Records provided:
= = = =
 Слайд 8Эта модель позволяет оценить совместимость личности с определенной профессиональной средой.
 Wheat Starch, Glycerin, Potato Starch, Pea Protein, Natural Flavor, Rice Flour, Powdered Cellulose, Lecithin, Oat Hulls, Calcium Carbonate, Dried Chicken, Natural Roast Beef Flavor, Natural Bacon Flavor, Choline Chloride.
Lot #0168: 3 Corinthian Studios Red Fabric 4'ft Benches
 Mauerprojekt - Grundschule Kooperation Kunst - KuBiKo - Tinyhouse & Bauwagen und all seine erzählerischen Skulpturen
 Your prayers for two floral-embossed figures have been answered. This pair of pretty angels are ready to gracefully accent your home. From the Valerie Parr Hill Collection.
= = = =
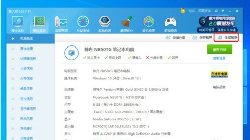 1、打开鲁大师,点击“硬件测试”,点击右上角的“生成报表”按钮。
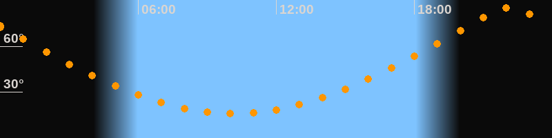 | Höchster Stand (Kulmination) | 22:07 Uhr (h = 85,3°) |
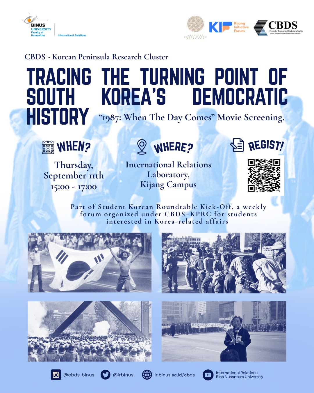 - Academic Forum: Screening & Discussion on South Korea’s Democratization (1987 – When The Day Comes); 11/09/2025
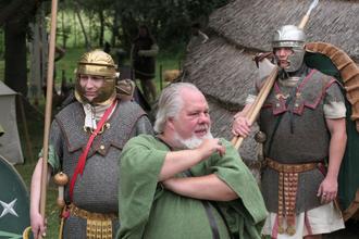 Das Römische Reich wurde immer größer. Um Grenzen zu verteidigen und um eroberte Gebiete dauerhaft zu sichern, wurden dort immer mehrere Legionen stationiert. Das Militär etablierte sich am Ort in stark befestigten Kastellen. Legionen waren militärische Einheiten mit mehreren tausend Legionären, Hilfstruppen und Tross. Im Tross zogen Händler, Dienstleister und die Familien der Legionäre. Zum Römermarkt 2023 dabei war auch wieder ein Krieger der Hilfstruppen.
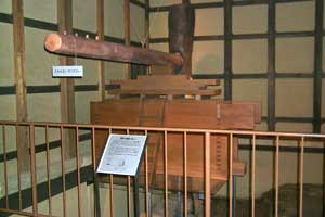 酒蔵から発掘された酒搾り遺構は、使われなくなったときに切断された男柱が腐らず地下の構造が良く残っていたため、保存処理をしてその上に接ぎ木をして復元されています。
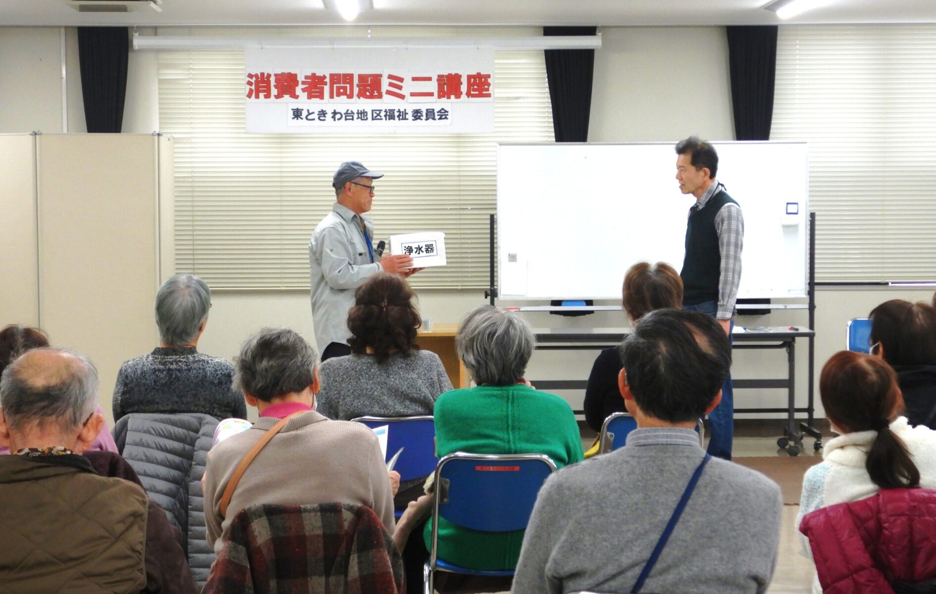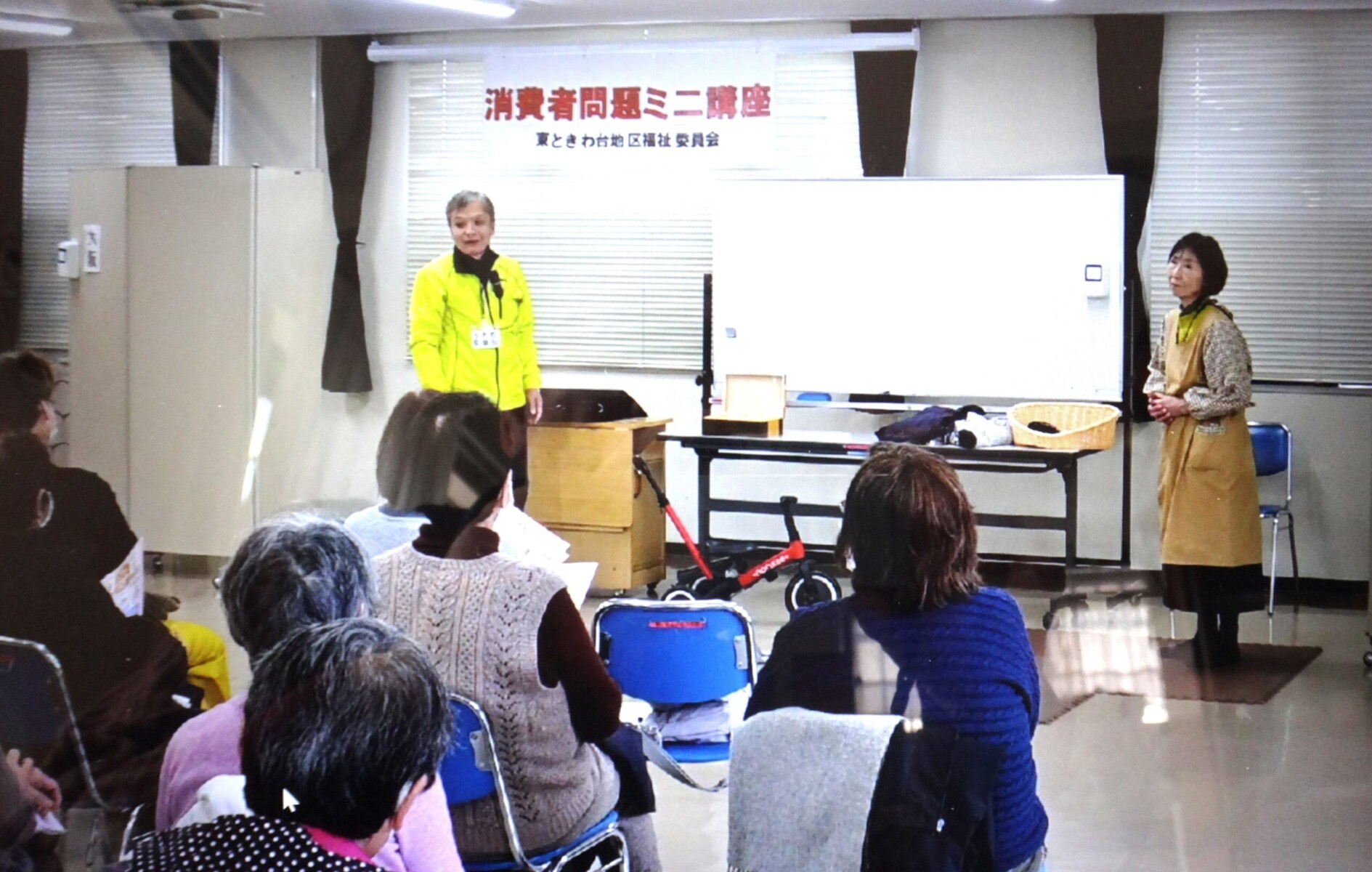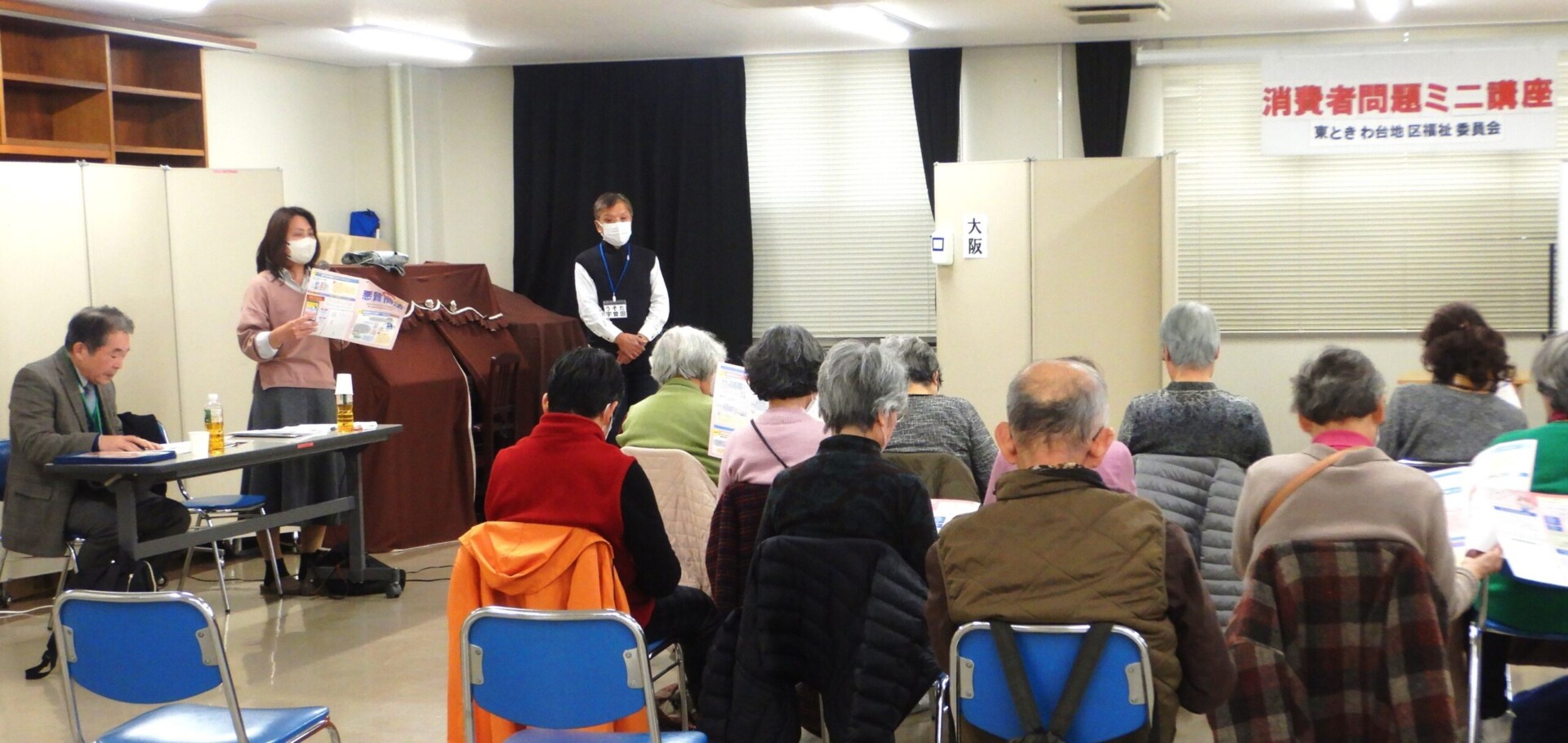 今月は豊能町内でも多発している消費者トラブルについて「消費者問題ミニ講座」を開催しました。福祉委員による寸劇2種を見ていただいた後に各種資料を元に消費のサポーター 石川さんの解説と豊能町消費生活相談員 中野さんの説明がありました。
= = = =
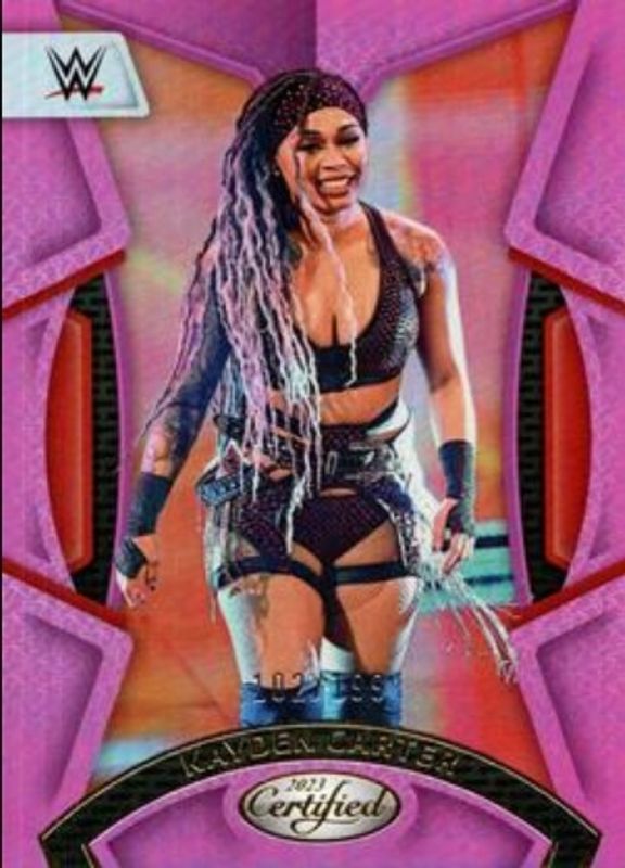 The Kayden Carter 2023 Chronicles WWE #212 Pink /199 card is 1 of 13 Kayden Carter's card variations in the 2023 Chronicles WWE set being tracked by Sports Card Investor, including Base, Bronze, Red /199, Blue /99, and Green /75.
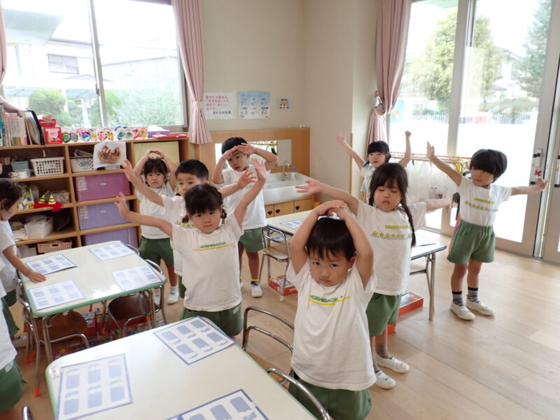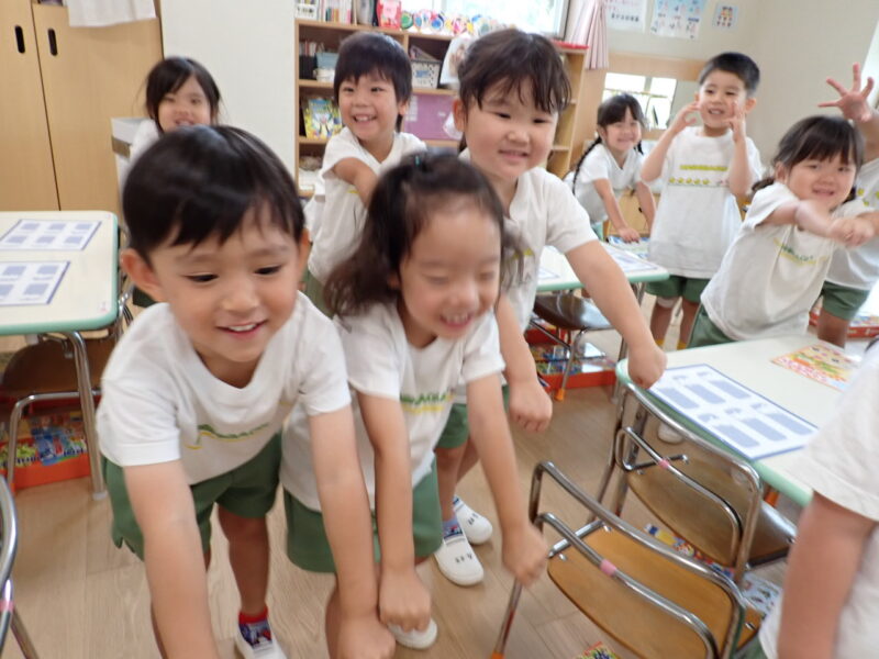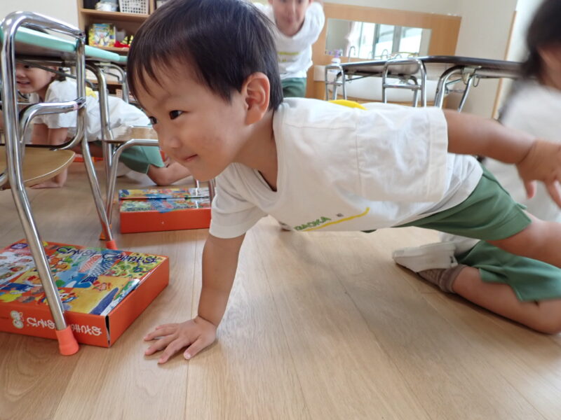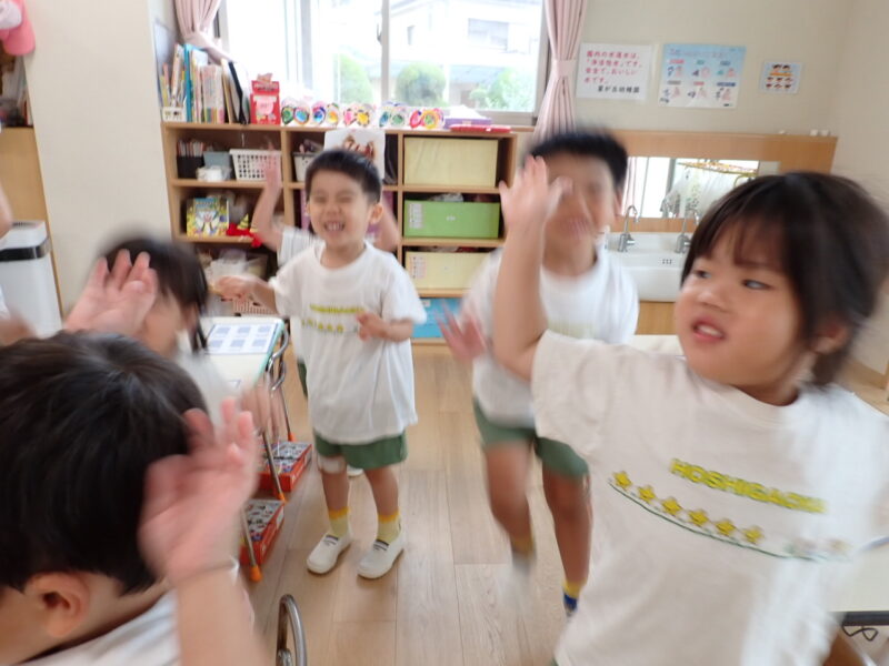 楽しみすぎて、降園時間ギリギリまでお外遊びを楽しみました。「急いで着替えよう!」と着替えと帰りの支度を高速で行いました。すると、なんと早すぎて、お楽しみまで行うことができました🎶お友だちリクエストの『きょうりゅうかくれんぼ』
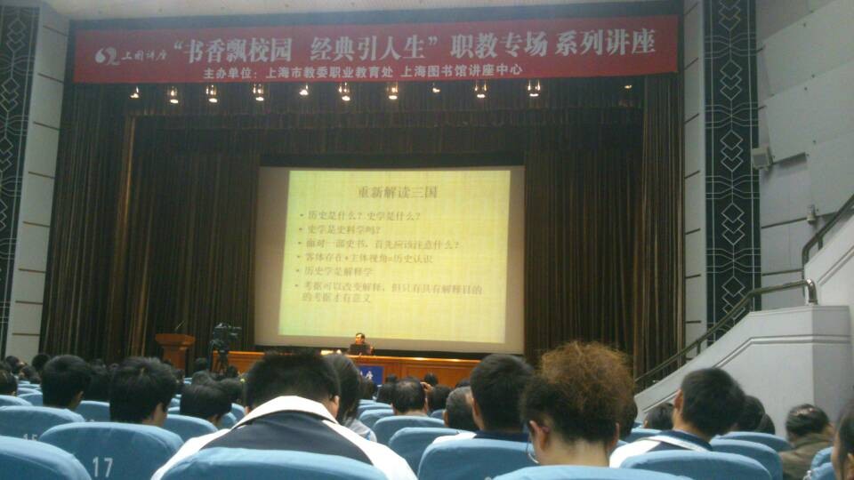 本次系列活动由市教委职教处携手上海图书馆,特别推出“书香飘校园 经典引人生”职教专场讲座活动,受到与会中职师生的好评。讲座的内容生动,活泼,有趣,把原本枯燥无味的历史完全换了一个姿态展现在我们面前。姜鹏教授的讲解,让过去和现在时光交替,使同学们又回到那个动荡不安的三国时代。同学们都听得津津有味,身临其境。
= = = =
In the records above, everything from the line with "The Kayden Carter" down to the line with "本次系列活动由市教委职教处携" is to be set down exactly, both ends included, with no pictures and no other lines.

Response below:
 The Kayden Carter 2023 Chronicles WWE #212 Pink /199 card is 1 of 13 Kayden Carter's card variations in the 2023 Chronicles WWE set being tracked by Sports Card Investor, including Base, Bronze, Red /199, Blue /99, and Green /75.
 楽しみすぎて、降園時間ギリギリまでお外遊びを楽しみました。「急いで着替えよう!」と着替えと帰りの支度を高速で行いました。すると、なんと早すぎて、お楽しみまで行うことができました🎶お友だちリクエストの『きょうりゅうかくれんぼ』
 本次系列活动由市教委职教处携手上海图书馆,特别推出“书香飘校园 经典引人生”职教专场讲座活动,受到与会中职师生的好评。讲座的内容生动,活泼,有趣,把原本枯燥无味的历史完全换了一个姿态展现在我们面前。姜鹏教授的讲解,让过去和现在时光交替,使同学们又回到那个动荡不安的三国时代。同学们都听得津津有味,身临其境。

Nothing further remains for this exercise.